The Luddites were not trying to prevent technological progress and protect their privileged position as tradesmen by destroying machinery, nor were they opposed to new technology. They were, however, very strongly linked to the minimum wage campaigns through their emphasis on preventing the lowering of wages. In addition, there is evidence that the aims of Luddism were not immediate, local and reactionary, but revolutionary.
Luddism was in fact rooted in the clandestine working class organisations that had been growing since the mid-18th Century. It developed in the industrial heartland, which by the beginning of the 19th century was to become the scene of insurrectionist organisation. Luddism originated in Nottingham around 1810. It quickly spread to Derbyshire and Leicestershire, then onwards to Lancashire and Yorkshire. The Luddism movement was well organised. Members not only swore an oath but also were expected to pay a regular subscription. Regular secret meetings were held, mainly on the moors at night, from which organising committees and delegates to attend regional meetings were elected. Such organisation enabled small bands of Luddites to remain largely undetected by the authorities, as they moved through the English industrial heartland, destroying the machinery of those employers who had lowered wages. By 1812, the Luddites were confident and numerous enough to begin attacking well defended mills. Groups of armed Luddites in Lancashire and Yorkshire attacked several such mills. Pitched battles were fought with soldiers, with many being killed or wounded on both sides.
As Luddism spread, it quickly began to take on a revolutionary perspective. The fact that it presented such a threat at its height may indicate why the Government and those in power at the time sought to spread false rumour as to the Luddites’ reasons for their actions and their intent. As its strength grew, Luddism increasingly took an insurrectionist nature. It spread to areas like Sheffield, where technology such as gigs and shearing frames were not in operation. Luddite activities began to include the collection of arms and raising of funds as well as the destruction of machinery. A secret House of Commons committee noted this with alarm. Luddism’s appeal also began to spread beyond weavers, and workers from various industries began taking part in armed raids. Luddism, especially in Lancashire and Yorkshire, became increasingly inspired by the notion of overthrowing the Government once the organisation had spread and enough arms collected.
The fear amongst Britain’s ruling class increased with the growing strength and political direction of the Luddist movement. Government quickly responded by making the crime of frame breaking a capital offence. Armies of Government spies were dispatched in an attempt to infiltrate working class communities. By the end of 1812, more than 12,000 troops were stationed in the most affected areas of northern England. To put the perceived threat into perspective, this was a greater force than Wellington had under his command in Spain. In Lancashire, in May 1812, a full 27 troops of guards as well as thousands of special constables were on active duty. Despite this army of occupation, the Luddites were able to continue to operate. This was only possible because of the protection they received from the wider working class community. The authorities offered very generous rewards to desperately poor workers for information, but in the main, they still failed to get workers to inform. When authorities were able to bring cases to court, trials were often moved to other areas of the country, both to ensure conviction and prevent unrest. Despite the efforts of the ruling class, the funerals of those executed for being involved in Luddism were turned into mass political rallies by the working class. All of this points to widespread working class support for Luddite aims.
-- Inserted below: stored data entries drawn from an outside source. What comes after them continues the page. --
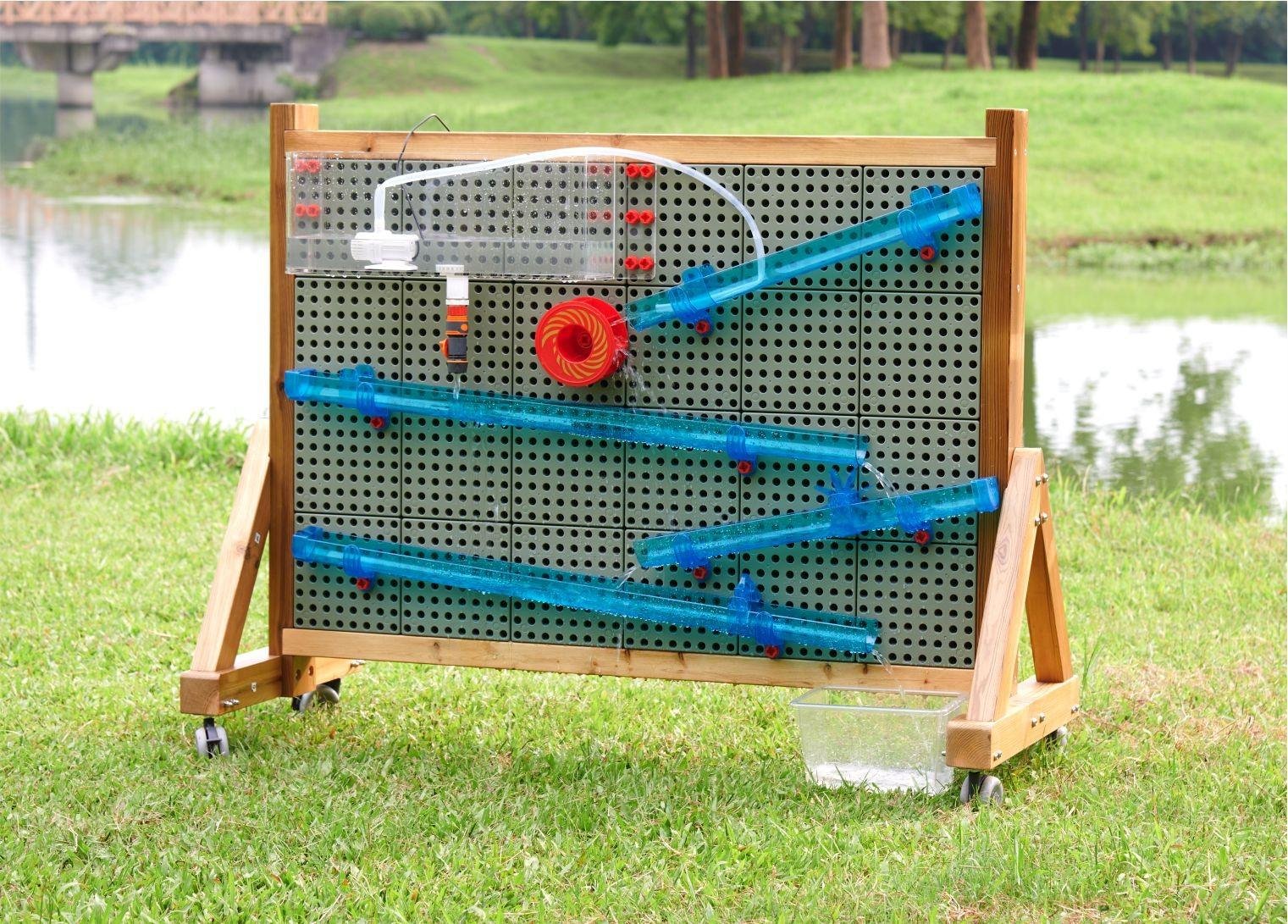 Aukštos kokybės akrilo skaidri vandens talpykla. Ideali papildoma priemonė kuriant įvairias vandens sroves, ji yra suderinama su visomis Masterkidz lauko STEM lentomis. Talpyklą galima naudoti savarankiškai, dėka integruoto vandens nutekėjimo.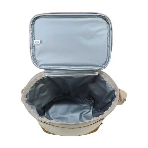 Bolso cooler "ICELAND" con exterior de tela PET reciclada (RPET) color beige e interior térmico aislante de PEVA y acolchado con esponja PE FOAM. Incluye bolsillo delantero, asa larga para colgar al hombro, mango y cierre-eclair con apertura 300°. Base de Nylon Ripstop impermeable color café. Capacidad 8.5L.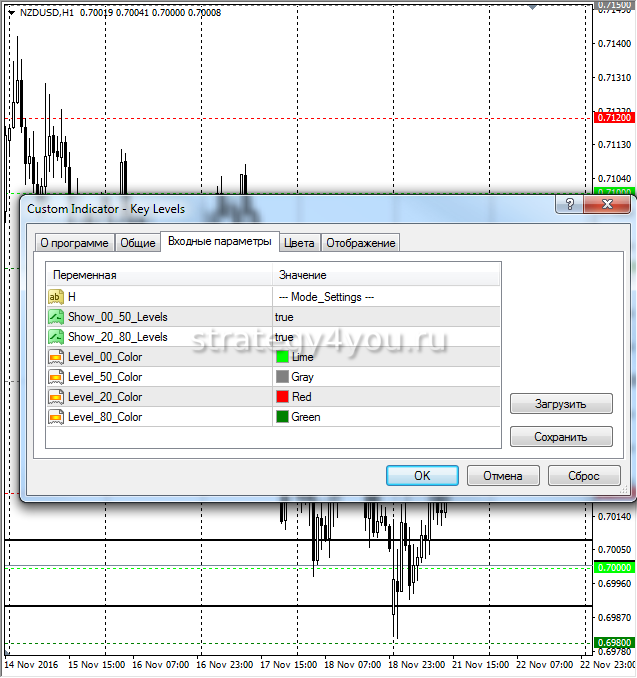 Для облегчения задачи учета ключевых ценовых уровней используют Key Levels. Этот инструмент устанавливают по стандартной инструкции. Он служит для отображения ценовых линий 00, 50, 20 и 80. Для этого используют линии разных цветов. В настройках индикатора можно включить или выключить показ уровней 00 и 50, 20 и 80, настроить их цвета при индикации на графике.

By 1814, the economic and military power of the ruling class meant the odds began to be stacked against Luddism, and it declined in the face of massive Government oppression. However, as Luddism passed, the revolutionary atmosphere that it generated led to other forms of resistance. Working class clubs such as the Hampden Clubs sprang up, and there was an upsurge in the number of radical papers and periodicals being produced and distributed. The explosion of radicalism that had swept across the country maintained momentum up to the 1840s.
Analysis: Reform or Revolution?
Clearly, Luddism developed and contributed important experience to working class organisations and tactics. It was a movement of the working class that united workers. It also employed methods of direct action in the struggle against capitalism. Luddism not only sought to make immediate economic gains, but also increasingly linked this struggle with the need for widespread social and economic change. Though the aim of the Luddite radicalism remained parliamentary reform, many of those involved equated parliamentary reform directly with revolutionary change. Luddism linked the short-term aims of reform with longer-term aims of revolutionary change. In short, the Luddites developed and practised some of the basic principles on which anarcho-syndicalism was later to be built.
The movement for reform was split into those who advocated change through peaceful constitutional methods and those who argued for insurrection as a way of bringing about change. While attention has been paid to the emerging politics of the former, the latter has been largely forgotten or rejected in popular history. By way of example, the reformist leader Hunt has been virtually canonised by historians, while the insurrectionist advocate Thistlewood has been dismissed as a crank. The fact that Thistlewood’s public popularity matched that of Hunt, especially within the working class, tells us more about the prejudices of historians than it does about history.
Much is known and written about the Peterloo Massacre of 1819, in which soldiers butchered peaceful demonstrators. However, the attempted uprisings in Derby and Huddersfield at the same time have been given little attention. With hindsight, and a modern perspective, the aims of the insurrectionists may seem confused. Indeed, the Derby and Huddersfield episodes were tragedies bordering on farce. However, it is clear that these events were a reflec1 Do you desire a total change of the system? 2 Are you willing to risk yourself in a contest to leave posterity free? 3 Are you willing to do all in your power to create the spirit of love and brotherhood and affection among the friends of freedom?tion of the genuine desire of many working class people for revolutionary change.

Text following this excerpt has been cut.